Egalitarian Zionism is altogether afflicted with a blame-Israel-first mentality that can only further fan the flames of Arab resentment. In Gans’s telling, the failure to end the conflict with the Palestinians in Gaza and the West Bank by achieving a two-state solution is primarily the fault of Israel and stems from the illiberalism of mainstream Zionism. Decades of corrupt Palestinian leadership, the Palestinian Authority’s relentless incitement to hatred of Israel and Jews through its government-controlled educational system and media, wave after wave of Palestinian terror, the collapse of the Arab state system following the upheavals of 2011, and the spread of Islamic extremism throughout the Middle East and the world—these hardly factor into his analysis.
In his historical reconstruction, Gans even goes so far as to assert that among the “acts of exploitation and dispossession in the early stages of Zionism” was the “atrocious expulsion of 700,000 Palestinians during Israel’s War of Independence.” It is painful to see a serious scholar joining forces with the most extreme and reckless post-Zionists in disseminating the discredited claim that in 1948, a tiny and newly declared Jewish state, fighting for its life against the onslaught of five Arab armies, was solely responsible for producing the Palestinian refugee crisis.

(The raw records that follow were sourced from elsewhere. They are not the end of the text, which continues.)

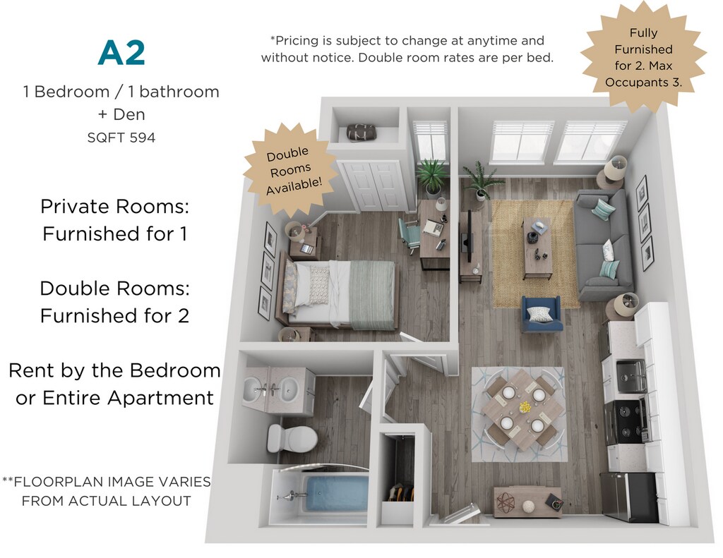 A2 - Floorplan 2 Apartment Unit: Entire UnitApartment Model: A2$3,7501 Bedroom, 1 Bath, 582 sq ftAvailable August 17, 20262 Bedrooms
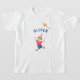 This cute and fun kid's T-shirt features a lovely watercolor illustration of a birthday boy running with a kite, alongside contemporary font in blue, both front and back. Easily change the color of the T-shirt using the editing tool. Variations of this design available in the full collection.
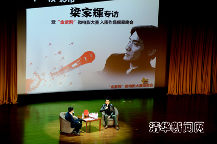 访谈环节结束后,晚会还进行了2013年清华大学“金紫荆”微电影大赛入围作品的揭幕仪式。梁家辉在全场观众的期待中,宣布了《新娘》、《清华,我们从这里出发》、《用行动说话》等19部清华学子原创作品入围本次大赛。

In sum, egalitarian Zionism promulgates a profound misunderstanding of liberal democracy. In a state that is both liberal and democratic, it is neither historically anomalous nor theoretically deviant for the majority to imbue political institutions and popular culture with its national spirit. To be sure, the obligation in liberal democracies to protect individual rights sets limits on what majorities may legislate. Authorizing language, calendars, and anthems that reflect a majority’s culture and traditions is compatible with the equal protection of all citizens’ basic individual rights. Infringing the freedom to worship, to speak, to assemble, and to buy and sell property and earn a living is not. Israel, like every other liberal democracy, faces a perennial challenge in striking the proper balance between majority preferences and the rights shared equally by all; its record in this regard, however imperfect, stacks up with the best of them.
Misconceptions about the principles of freedom impair Gans’s assessment of Israel and lead astray the political theory he advances for the Jewish people. To achieve a better understanding of Zionism and liberal democracy in Israel, not to mention the legitimate claims of nationalism and the nation-state in general, academic liberals would do well to recover a more adequate understanding of the liberal tradition itself.